“Para cima do lombo, a bater prancha”

Depois fui para Torres Vedras. Lá só estive um ano. Acabado esse ano fui para Lisboa, a fazer distribuição da batata. Depois fui para a estiva. Mas não era efectivo. Estava sem cartão. Só trabalhava nos dias que havia descargas, que havia mais trabalho a fazer. O pessoal que não era encartado, que não tinha o cartão de estiva, só fazia o que os outros não queriam. Íamos à caça do conto. Mas primeiro eram contados o pessoal que era efectivo, quer dizer, que tinha o cartão de estivador ou de tráfego. Os que trabalhavam em mar eram os estivadores e os que trabalhavam em terra eram os do tráfego. Quando havia muitas descargas, vinham à rua chamar o pessoal que não era encartado. Aquilo era só para os serviços de alombar. Alombar é tudo o que vem para cima do lombo, a “bater prancha”. A descarregar o bacalhau, a farinha, o trigo, a batata estrangeira, o cimento... O bacalhau, nessa altura, antes de fazer a Ponte 25 de Abril, vinha nos barcos e a gente é que o tirava.

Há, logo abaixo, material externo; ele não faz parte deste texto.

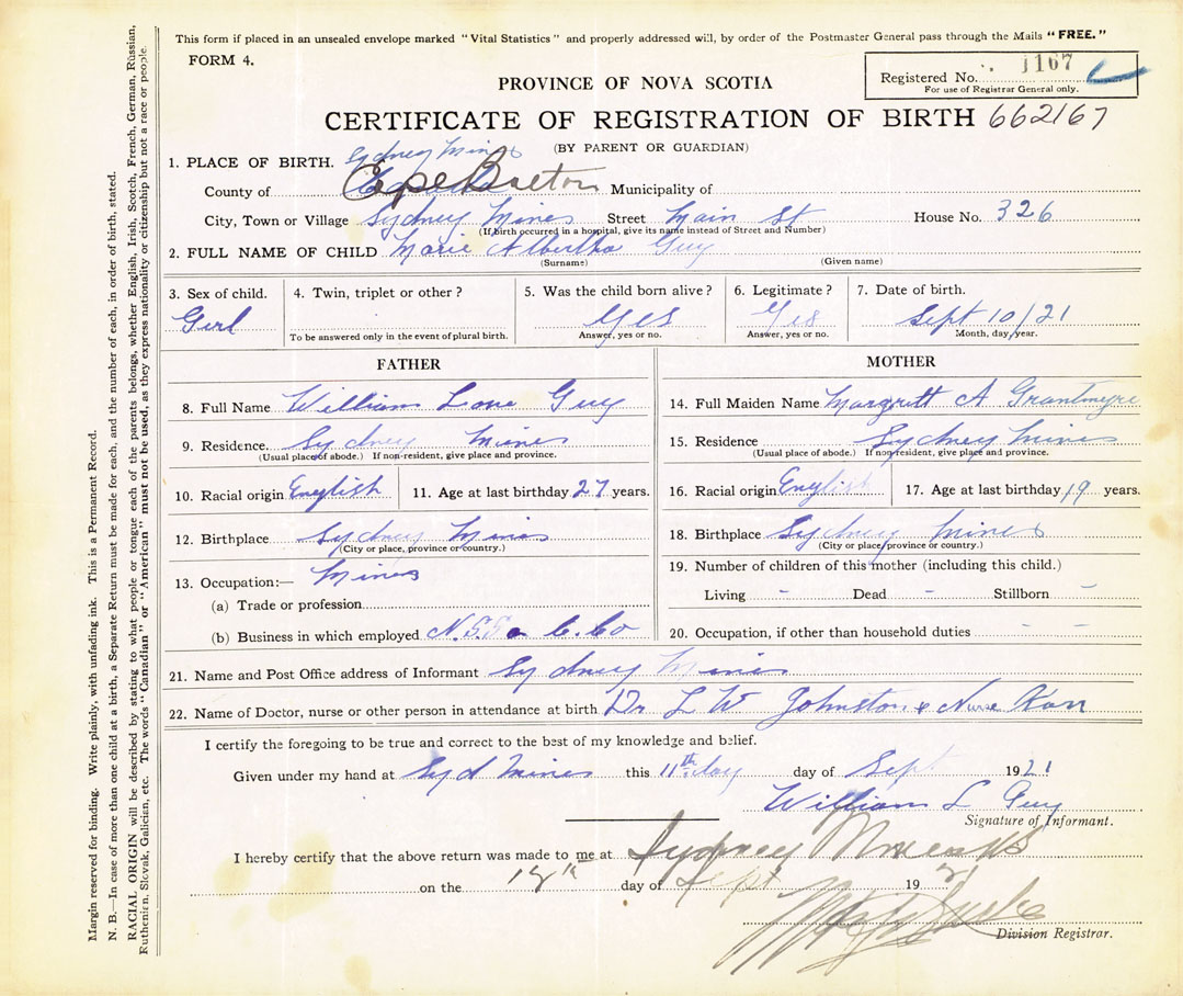 21. Name and Post Office address of Informant Sydney Mines, Cape Breton

As secas eram em Alcochete. Depois lá vínhamos nos barcos para Lisboa e era lá que se descarregava. A farinha também era toda descarregada lá. Tudo às costas. E eu andei sempre nisso. Alombei lá muito. Ainda lá andei um ano naquilo. Mas só na falta dos outros. Depois fizeram a Ponte 25 de Abril, tiraram aqueles trabalhos todos. As camionetas do cimento iam à Secil, no Carregado. Já não era preciso estar ali a descarregá-lo. O bacalhau e a farinha também. Então o pessoal da rua acabou todo. Eu chateei-me com aquilo, porque havia semanas que só fazia um dia. Então fui para o Norte.